Current graduate students cannot conceive of the world before the human genome was available for their daily practical tasks. In Africa, the shortage of resources (in terms of scientists, equipment, and operating funds) for data acquisition has made the publicly available data particularly valuable. However, in a sense, the sheer volume of accessible data is a drawback. We have been made acutely aware of our need for computational tools and expertise, exacerbated by the brain drain through emigration of those who acquire these scarce skills.
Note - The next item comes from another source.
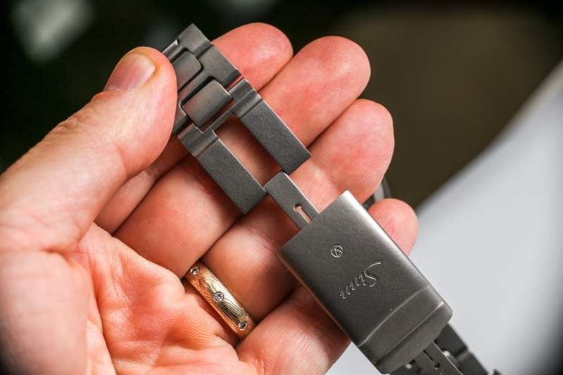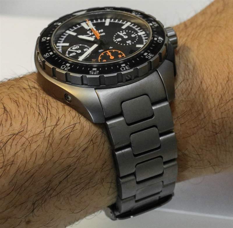 當 Sinn 首次推出 Tegimented 鈦時,我真的很興奮,因為與鋼相比,通常情況下,鈦更容易劃傷。雖然 Tegimented 鈦不如陶瓷或藍寶石那么硬,但它比普通成品鈦有了很大改進,直到現在我還沒有在 EZM 10 的表殼或表鏈上看到任何劃痕。我不能說沒有有點喜歡它,但這個過程和它的耐用性給我留下了深刻的印象。甚至觸摸 Tegimented 鈦金屬表殼和表鏈也感覺不錯。想想涂有聚四氟乙烯的鍋表面的感覺——Tegimented 鈦很像。

For complex analyses such as admixture mapping or copy-number variation, we often now have the data spread out in a tantalizing buffet, but are left feeling as though we are looking into the dining room window, our noses are pressed to the glass. The solution, to avoid simply exporting data or samples, is North-South collaboration and the formation of consortia to maximize the promise of the information still locked in the rich variety of African genomes. In a wholly South African effort, publicly available data allowed us to dissect the structure of a uniquely African population. Further application of this knowledge required us to foster collaborations with more experienced laboratories and researchers, which are already showing results.

Human genome analysis has the potential to act as an accelerating enabler, helping us to understand how an individual's genome may affect susceptibility to infectious diseases such as tuberculosis. Approaches such as genome-wide association studies have been disappointing in this disease, and a search for rare variants—or simply understanding variation in the older, more diverse African populations—may hold some answers. Ultimately, local initiatives need to grow local expertise and to retain the necessary talent.